Светлый фон

 

Фон Ширах, сложив руки на груди, взглянул на меня и вдруг сказал:

– А жарко сегодня, да?

Его вопрос меня слегка обескуражил:

– Очень, – сказала я, пытаясь вернуть Рихарда в 30 сентября 1966 года. – А какая была погода, когда открылись ворота Шпандау и из них выехали две черные машины, в одной из которых сидел ваш отец?

– Было тепло, может, нет. Я не помню, – сказал он и виновато взглянул на меня. – Представляешь, что это такое, когда ты видишь человека, которого никогда не мог обнять? Ведь я до этого ни разу не мог прикоснуться к отцу, не говоря уж о том, чтобы обнять его. И вот это происходит в первый раз, и это очень непривычно, очень непросто. Но само освобождение проходит, как в дурмане: мы, отец и трое сыновей – Клаус, Роберт и я, – сидим в отеле, курим только сигары, пьем шампанское, пытаемся сделать из этого праздник.
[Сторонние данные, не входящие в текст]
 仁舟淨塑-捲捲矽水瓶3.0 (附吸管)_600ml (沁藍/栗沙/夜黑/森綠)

– Но? – предвкушала я драматическую развязку, которую предвещало погрустневшее красное лицо Рихарда.

– «Но» – это не факт и не одна ситуация. «Но» – это процесс. В один момент мы возвращаемся в реальную жизнь, и наступают будни. И ты понимаешь, что тот мир, который был создан в письмах, кратковременных и редких посещениях отца в тюрьме, – мир искусственный и очень хрупкий. И ты понимаешь, что те звуки скрипок, которые звучали в наших письмах, словно в слаженном квартете (все четверо писали ему письма), что все эти интонации – всего лишь упражнения, заученные до автоматизма на протяжении двадцати лет. Но в жизни не остается места общим фразам. Это невозможно.
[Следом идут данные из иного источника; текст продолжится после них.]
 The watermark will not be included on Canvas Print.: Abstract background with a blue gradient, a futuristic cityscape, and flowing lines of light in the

Постепенно в тебе начинает расти разочарование. Я заметил, что он мной совсем не интересуется. Я думаю, он был законченным эгоистом, если судить по его отношению к детям. А ведь мы много отдали ему. Мы не отказались от него, мы продолжали любить его, писали письма, задавали вопросы. Только мы привносили жизнь в его камеру-одиночку. Но в один прекрасный момент ты понимаешь, что он даже не спросил тебя, где ты учишься, как ты жил все эти годы или хотя бы просто – как дела? Я так и не услышал этих вопросов. При этом наступает некоторое замешательство, но ты надеешься, что ему нужно время, чтобы освоиться. И первое разочарование было связано как раз с отсутствием интереса к нам. Мы не понимали, что это значит, никогда с таким не сталкивались. Но это и понятно, вряд ли найдется кто-нибудь еще, кто просидел больше двадцати лет в одиночке. К тому же у них у каждого была своя судьба, кого-то из них заключение, что называется, сломало. Мы подмечали разные необычные вещи. Например, отцу было очень трудно приспособиться к новым реалиям. Он пытался вырезать ножницами таблетки в упаковке из фольги, которые можно выдавить пальцем. И когда я это увидел, я очень остро осознал: Боже мой, ведь он всего этого не знает, он пропустил огромную часть жизни. Ведь он не видел, как восстанавливались города, он не знает современных телефонов, он никогда не видел факса, и вряд ли знает, что это такое. С другой стороны, мы, возможно, требовали от него слишком многого. Он мог говорить с нами, как любой другой человек, из газет он получал практически всю информацию, просто не сталкивался со многими вещами в реальной жизни. Тогда нам показалось, что, наверное, мы ведем себя с ним неправильно. Но, к сожалению, инструкций по обращению с бывшими заключенными не было. И я понял, что вместо того, что я называю эмпатией, появляется охлаждение.